„In Rijssen woedt een stille oorlog”
RIJSSEN – De strijd tussen een vanouds orthodox-christelijk bolwerk en de islam. Dat is het grondthema van de documentaire ”Rijssens stille oorlog”, die zaterdagmiddag in première gaat op het Film Festival in Utrecht en die op 7 oktober in Rijssen wordt vertoond. „De kern van de islam is nooit te vereenzelvigen met het christendom.”
In 2008 maakte Emile van Rouveroy van Nieuwaal een documentaire over de verwevenheid van geloof en politiek in Staphorst. In ”Rijssens stille oorlog” komen vier moslims en vier reformatorische christenen aan het woord die min of meer langs elkaar heen leven. Van integratie van beide groepen is geen sprake, zo schetst de film. Om zicht te krijgen op de reformatorische gemeenschap zegt de filmmaker uitvoerig met diverse predikanten –binnen en buiten Rijssen– te hebben gesproken. „Voor de camera schrokken ze echter terug.”
De Turkse huismoeder Fatma Özturk toont zich in de documentaire gefrustreerd. „Door de Rijssenaren word ik nog steeds als allochtoon behandeld en gezien. De enige manier om erbij te horen is afstand doen van mijn geloof. De islam wordt als bedreiging gezien. Er is een stille oorlog gaande.”
De hersteld hervormde Wieger Smeijers van Rijssen Boekenhuis is kort over de islam. „Het is triest dat de moslims een dwaalleer aanhangen. De mensen zelf zijn niet verkeerd, maar hun leer.”
Geboren Staphorster en bij de laatstgehouden verkiezingen kandidaat voor de SGP in de Tweede Kamer Roelof Bisschop ontmoette zijn vrouw in Rijssen. Hij benadrukt het wezenlijke verschil tussen islam en christendom. „Ik geloof niet in compromissen. Er is strijd tussen Allah en Jezus, die in feite al is gewonnen door Jezus Christus. Wij wachten op Zijn wederkomst. Zolang als die uitblijft, gaat de strijd nog door.”
U geeft geen evenwichtig beeld van orthodoxe christenen.
„Ik maak een bescheiden film. Ik kan niet 16 miljoen mensen bevragen. Een filmmaker is een creatief mens, geen journalist. Ik vind dit een storm in een glas water. Ik zoek ook niet de extremen op, zoals gisteren in dagblad Trouw stond. Dat heeft de journalist ervan gemaakt. Ik ga me daar ook niet tegen verweren.”

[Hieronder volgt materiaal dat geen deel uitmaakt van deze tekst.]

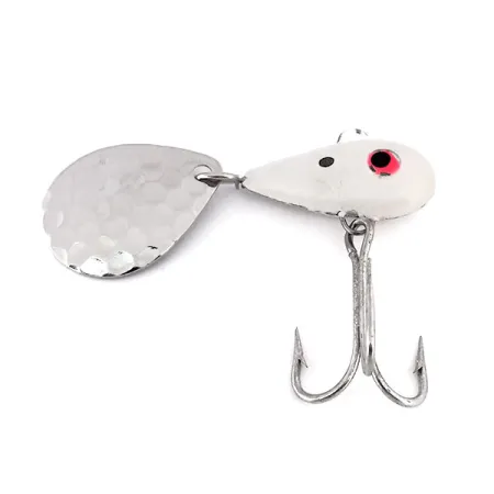 Con un peso de 1/2 oz (14 g), este tail spinner en forma de gota es un señuelo hundido de alta resistencia diseñado para alcanzar estructuras profundas. El cuerpo de plomo de 1 1/2" (4 cm) tiene un acabado de pintura blanca limpia, acentuado por ojos pintados a mano con bordes rojos y pupilas negras. Producido por Luhr Jensen bajo el código de producto 10292, el modelo cuenta con una pala con acabado de níquel que ofrece un doble atractivo visual. Un lado de la pala está martilleado para maximizar los destellos en diversas condiciones de luz, mientras que el reverso liso está claramente grabado con el nombre "LITTLE GEORGE". Este señuelo se encuentra en un estado 5/5, manteniendo el brillo original de su pintura y sus componentes metálicos relucientes. Un único anzuelo triple afilado está sujeto a la barriga mediante un robusto arnés de alambre que atraviesa el cuerpo de plomo. Su perfil compacto y su construcción densa están diseñados específicamente para lograr distancia de lanzado y un descenso rápido para alcanzar bancos de peces suspendidos o depredadores de fondo.

Het beeld dat in de documentaire over Rijsen wordt neergezet, ervaren velen nu al als negatief. U geeft toe dat de werkelijkheid complexer is. Is dat eerlijk?
„Ik heb natuurlijk een bepaalde bril op. Ik kan niet buiten mijn eigen persoon treden. Niemand kan pretenderen geheel objectief te zijn. Als bepaalde mensen niet voor de camera willen, is dat hun goed recht, maar dan houdt het voor mij op.”
Uit de film komt het beeld naar voren dat bevindelijk gereformeerden geen contact willen met moslims. Er zijn genoeg voorbeelden dat dit wel zo is.
„In Rijssen heb ik dat nooit gezien. Predikanten hebben zich bijvoorbeeld na een uitnodiging van de imam nooit in moskeeën laten zien.”
Oud-burgemeester Koelewijn vindt de titel van de film kant noch wal raken.
„Een burgemeester moet de schapen uit zijn gemeenschap beschermen, dat begrijp ik wel. Elke reuring gaan ze liever uit de weg. Koelewijn is bestuurder, geen filmmaker. Aanvankelijk had ik een heel andere titel in gedachten, maar die ervaarden degenen die meewerkten aan de documentaire als blasfemisch. Daarom hebben we gekozen voor de uitspraak over een stille oorlog waarover Fatma spreekt.”
In Trouw spreekt u over religieuze terreur binnen de orthodox- christelijke gemeenschap. Dat gaat ver.
„Dat woord heb ik niet gebruikt. Ik heb gesproken over religieuze stellingname. Mensen volgen de leidraad die de Bijbel hun aanreikt. Deuren van mensen die ik wilde spreken, bleven vaak gesloten en daarmee bevestigden zij ongewild het beeld dat over die gemeenschap bestaat. Jammer.”
U zou bij het maken van de documentaire hoe dan ook voorbeelden willen zien van de veronderstelling dat christendom en islam te verenigen zijn, terwijl ze dat niet zijn.
„Dat wil ik helemaal niet aantonen. De twee religies zijn juist onverenigbaar met elkaar. Maar dat wil nog niet zeggen dat hun aanhangers niet met elkaar zouden kunnen samenleven. Waarom zou ik met mijn linkse achtergrond niet met iemand aan tafel willen zitten met orthodox-christelijke opvattingen?
Ik snap de ophef over de documentaire niet. Alsof ik mensen aan het kruis wil nagelen. Critici moeten eerst de film maar eens bekijken. Ik ga ook geen preek beoordelen die ik niet heb gehoord.”